▸ **Given records**
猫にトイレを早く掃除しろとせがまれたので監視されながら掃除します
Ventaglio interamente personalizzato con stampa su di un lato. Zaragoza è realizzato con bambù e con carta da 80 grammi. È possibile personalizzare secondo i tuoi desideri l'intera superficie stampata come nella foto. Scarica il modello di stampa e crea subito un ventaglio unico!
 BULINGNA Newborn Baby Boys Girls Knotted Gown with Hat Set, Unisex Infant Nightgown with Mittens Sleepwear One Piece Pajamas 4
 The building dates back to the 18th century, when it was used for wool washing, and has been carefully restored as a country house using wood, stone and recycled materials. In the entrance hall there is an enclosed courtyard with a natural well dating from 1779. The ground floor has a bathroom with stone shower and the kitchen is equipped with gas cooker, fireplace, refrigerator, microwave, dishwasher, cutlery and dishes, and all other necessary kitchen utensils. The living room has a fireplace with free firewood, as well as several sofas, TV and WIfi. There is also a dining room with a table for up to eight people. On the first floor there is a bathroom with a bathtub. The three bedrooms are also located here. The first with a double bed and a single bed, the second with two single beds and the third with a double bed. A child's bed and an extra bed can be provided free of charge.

...

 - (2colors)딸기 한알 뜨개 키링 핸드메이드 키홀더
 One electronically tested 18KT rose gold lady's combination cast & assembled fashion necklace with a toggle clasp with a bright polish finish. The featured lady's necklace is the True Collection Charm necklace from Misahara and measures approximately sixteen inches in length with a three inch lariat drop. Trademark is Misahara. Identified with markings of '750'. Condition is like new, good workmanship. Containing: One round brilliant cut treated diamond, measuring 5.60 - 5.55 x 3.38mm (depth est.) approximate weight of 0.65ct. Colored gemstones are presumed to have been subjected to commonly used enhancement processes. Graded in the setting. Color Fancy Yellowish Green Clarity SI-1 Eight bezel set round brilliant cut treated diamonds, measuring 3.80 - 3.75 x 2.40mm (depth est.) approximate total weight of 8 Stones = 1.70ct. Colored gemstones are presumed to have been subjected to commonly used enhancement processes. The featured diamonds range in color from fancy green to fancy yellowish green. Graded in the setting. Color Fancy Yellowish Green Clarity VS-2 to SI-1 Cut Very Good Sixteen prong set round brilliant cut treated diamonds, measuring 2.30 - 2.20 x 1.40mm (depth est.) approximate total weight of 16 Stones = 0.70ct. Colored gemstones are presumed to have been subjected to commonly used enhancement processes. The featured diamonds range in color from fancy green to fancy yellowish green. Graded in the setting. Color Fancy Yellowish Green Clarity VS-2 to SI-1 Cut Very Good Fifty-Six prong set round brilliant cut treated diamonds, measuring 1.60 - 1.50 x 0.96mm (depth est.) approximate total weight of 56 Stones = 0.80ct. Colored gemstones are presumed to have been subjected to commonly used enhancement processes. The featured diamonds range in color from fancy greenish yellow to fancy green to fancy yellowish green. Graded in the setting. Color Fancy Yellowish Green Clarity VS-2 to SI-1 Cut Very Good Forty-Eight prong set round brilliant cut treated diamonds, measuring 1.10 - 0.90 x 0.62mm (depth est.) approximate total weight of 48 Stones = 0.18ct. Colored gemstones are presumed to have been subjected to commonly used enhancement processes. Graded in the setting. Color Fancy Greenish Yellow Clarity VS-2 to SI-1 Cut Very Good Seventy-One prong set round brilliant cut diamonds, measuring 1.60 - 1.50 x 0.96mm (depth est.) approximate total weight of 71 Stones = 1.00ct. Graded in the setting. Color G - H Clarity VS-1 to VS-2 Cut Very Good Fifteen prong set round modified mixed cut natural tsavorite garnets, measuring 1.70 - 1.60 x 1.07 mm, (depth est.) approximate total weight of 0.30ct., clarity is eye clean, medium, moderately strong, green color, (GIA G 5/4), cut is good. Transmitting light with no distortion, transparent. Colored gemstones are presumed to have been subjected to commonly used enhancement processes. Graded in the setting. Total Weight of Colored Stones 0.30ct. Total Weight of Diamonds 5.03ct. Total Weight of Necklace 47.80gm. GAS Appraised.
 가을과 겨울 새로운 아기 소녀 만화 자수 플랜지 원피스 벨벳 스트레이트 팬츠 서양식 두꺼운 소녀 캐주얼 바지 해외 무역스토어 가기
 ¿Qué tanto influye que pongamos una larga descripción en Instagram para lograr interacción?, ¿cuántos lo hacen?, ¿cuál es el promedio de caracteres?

--

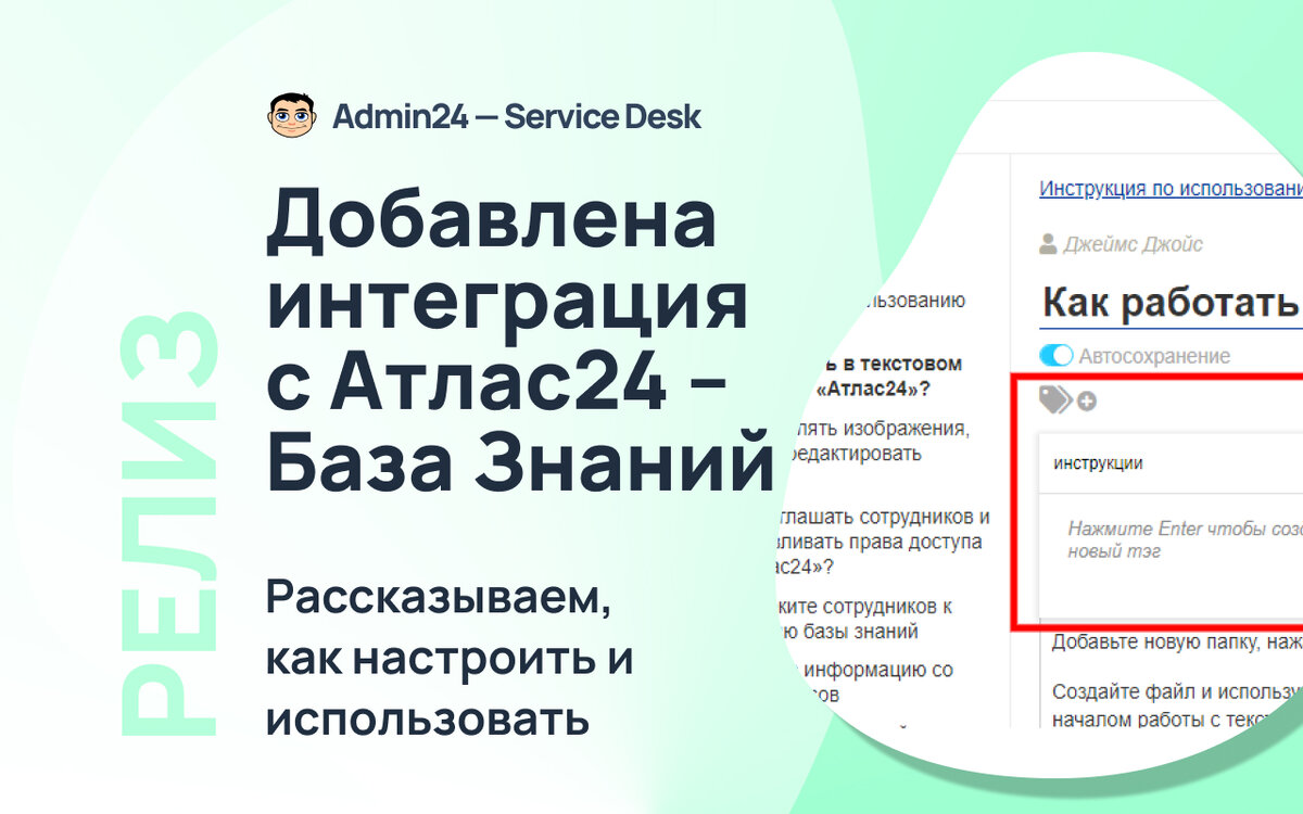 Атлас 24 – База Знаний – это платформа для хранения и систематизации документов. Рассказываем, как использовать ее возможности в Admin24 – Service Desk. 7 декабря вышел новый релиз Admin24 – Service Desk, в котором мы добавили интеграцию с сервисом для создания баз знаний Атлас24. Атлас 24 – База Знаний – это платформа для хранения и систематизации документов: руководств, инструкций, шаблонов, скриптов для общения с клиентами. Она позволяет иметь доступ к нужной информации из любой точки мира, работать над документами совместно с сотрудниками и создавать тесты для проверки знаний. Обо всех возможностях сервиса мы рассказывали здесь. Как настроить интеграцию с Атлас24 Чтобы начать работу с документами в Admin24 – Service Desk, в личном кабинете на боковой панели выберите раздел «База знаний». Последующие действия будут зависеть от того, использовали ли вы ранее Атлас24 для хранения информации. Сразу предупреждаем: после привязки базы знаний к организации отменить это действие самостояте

▸ **Goal of the exercise**
Out of the data above, set down the lines from the one with "猫にトイレを早く掃除しろとせがまれたので監視されながら掃除します" to the one with "BULINGNA Newborn Baby", both included, exactly as written and with no additions.

▸ **Exercise solution**
猫にトイレを早く掃除しろとせがまれたので監視されながら掃除します
Ventaglio interamente personalizzato con stampa su di un lato. Zaragoza è realizzato con bambù e con carta da 80 grammi. È possibile personalizzare secondo i tuoi desideri l'intera superficie stampata come nella foto. Scarica il modello di stampa e crea subito un ventaglio unico!
 BULINGNA Newborn Baby Boys Girls Knotted Gown with Hat Set, Unisex Infant Nightgown with Mittens Sleepwear One Piece Pajamas 4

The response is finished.